A tradição taoista se tornou mundialmente famosa por seu elogio à natureza. Desenvolvida por contemplativos que se refugiaram em montanhas e florestas, recusando honrarias e cargos na burocracia imperial, em busca das condições ideais para cultivar o qì e a serenidade. As histórias exemplares de mestres e mestras que teriam atingido a condição de imortal, falam do abandono das ambições mundanas. Mas será que para praticar o Tao é indispensável sair da cidade e renunciar a uma vida comum?
Certamente, como dizia mestre Liu Pailin, é recomendável a prática periódica em um ambiente natural dotado de um qì abundante e de boa qualidade, daí a busca por locais com um bom fengshui (風水) para treinar, inclusive com condições específicas dependendo do tipo de treinamento praticado. As andanças de Wang Liping e seus mestres pelas montanhas e outros lugares sagrados da China, descritas por dois de seus discípulos em Opening the Dragon Gate, biografia de um mestre contemporâneo da linhagem taoista Longmen (龍門), ilustram muito bem a importância do contato com a natureza no treinamento taoista.

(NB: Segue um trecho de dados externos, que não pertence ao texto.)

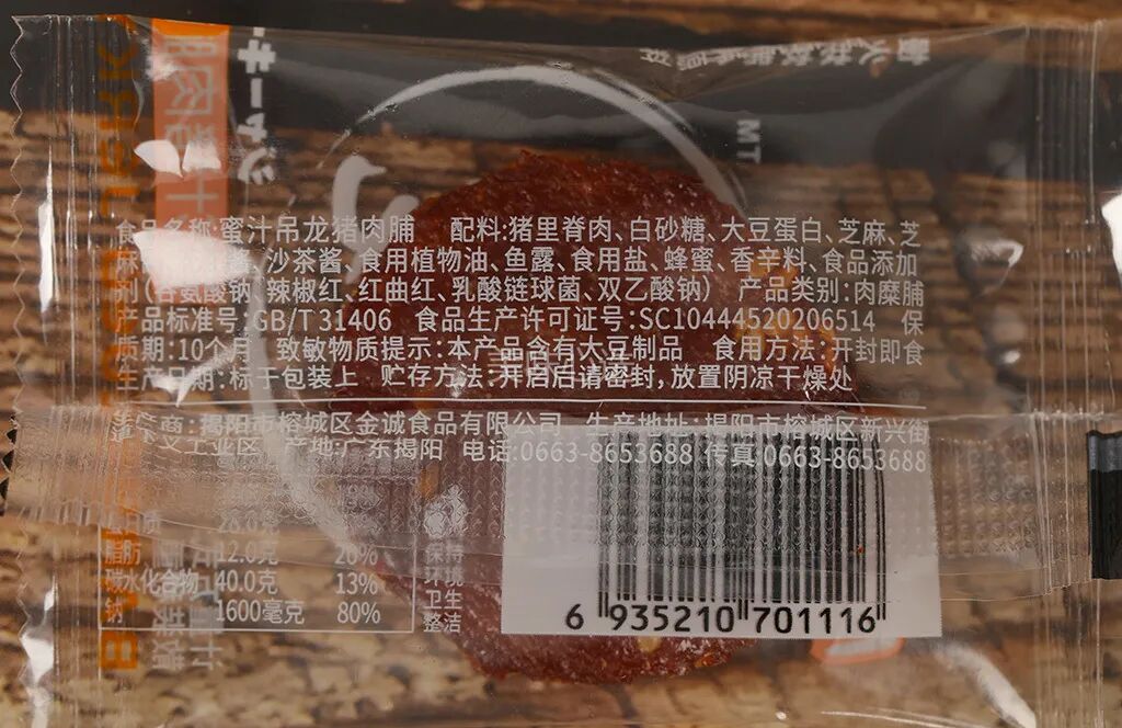 配料:猪里脊肉、白砂糖、大豆蛋白、芝麻、芝麻酱、花生酱、沙茶酱、食用植物油、鱼露、食用盐、蜂蜜、香辛料、食品添加剂(谷氨酸钠、辣椒红、红曲红、乳酸链球菌、双乙酸钠)

Mas, ao contrário dessa condição privilegiada, se boa parte da população mundial vive em grandes cidades, e se mestres famosos como Liu Pailin escolheram viver nelas, deve haver maneiras de praticar o Caminho também em condições que não são as ideais. Uma solução parcial para quem não tem nem a inclinação nem a oportunidade para viver como eremita contemplativo nas montanhas é integrar a prática do Tao ao seu cotidiano urbano. Em muitas partes do mundo, onde há presença cultural chinesa, pode-se ver pessoas praticando qigong, taijiquan e outras artes marciais nos parques públicos das grandes cidades.
A dica é incluir na rotina diária momentos para praticar com constância um treinamento preferido ou recomendado, além de momentos para simplesmente relaxar, sem fazer nada especial. Após anos praticando diferentes métodos, cada qual com seu propósito específico, arrisco uma generalização: todos eles regulam o qì, ao mesmo tempo em que ensinam uma presença corporal no mundo, estar alerta e relaxado ao mesmo tempo. Combinando movimento suave e circular, a respiração natural e relaxamento dos músculos, aprendemos a mover o corpo com economia, fazendo apenas a força necessária ao movimento eficiente. Permanecendo de pé na “postura da árvore” ou sentadx em meditação silenciosa, aprendemos a serenar o coração, ao mesmo tempo que alinhamos a postura e fortalecemos o corpo de dentro para fora, e do invisível para o visível.
Além de eremitas contemplativxs, a história da tradição taoista conta também com praticantes que permaneceram nas vilas e cidades, em uma vida simples: cuidando de suas famílias, exercendo um ofício e cultivando o Tao sem chamar muita atenção para si. Embora seja mais frequente lembrarmos de especialistas nos diferentes ramos da medicina chinesa ou de artistas marciais, houve praticantes do Tao nos diferentes estratos sociais e exercendo os mais diversos ofícios, dos mais sofisticados aos mais modestos. E ainda hoje isso é assim. Em minhas andanças por Taiwan para estudar a linhagem Kunlun, também conheci irmãos e irmãs de treinamento das mais diversas profissões: empresários, massagistas, mecânicos, artesãos, herboristas, especialistas em fengshui, etc.
E assim continuam(os), sozinhxs ou em pequenos grupos. Não tanto como uma identidade social, mas mais como um caminho de vida. Com o desafio, para nós, pessoas complicadas do mundo contemporâneo, de viver uma vida pautada no amor, na simplicidade e em não desejar ser o primeiro. Movendo-se lentamente no fluxo acelerado da metrópole, saboreie as pequenas alegrias de cada momento; faça o que é necessário em cada situação, mas mantenha o coração sereno; contemple o movimento contínuo de yin e yang à sua volta, mas também em você mesmx.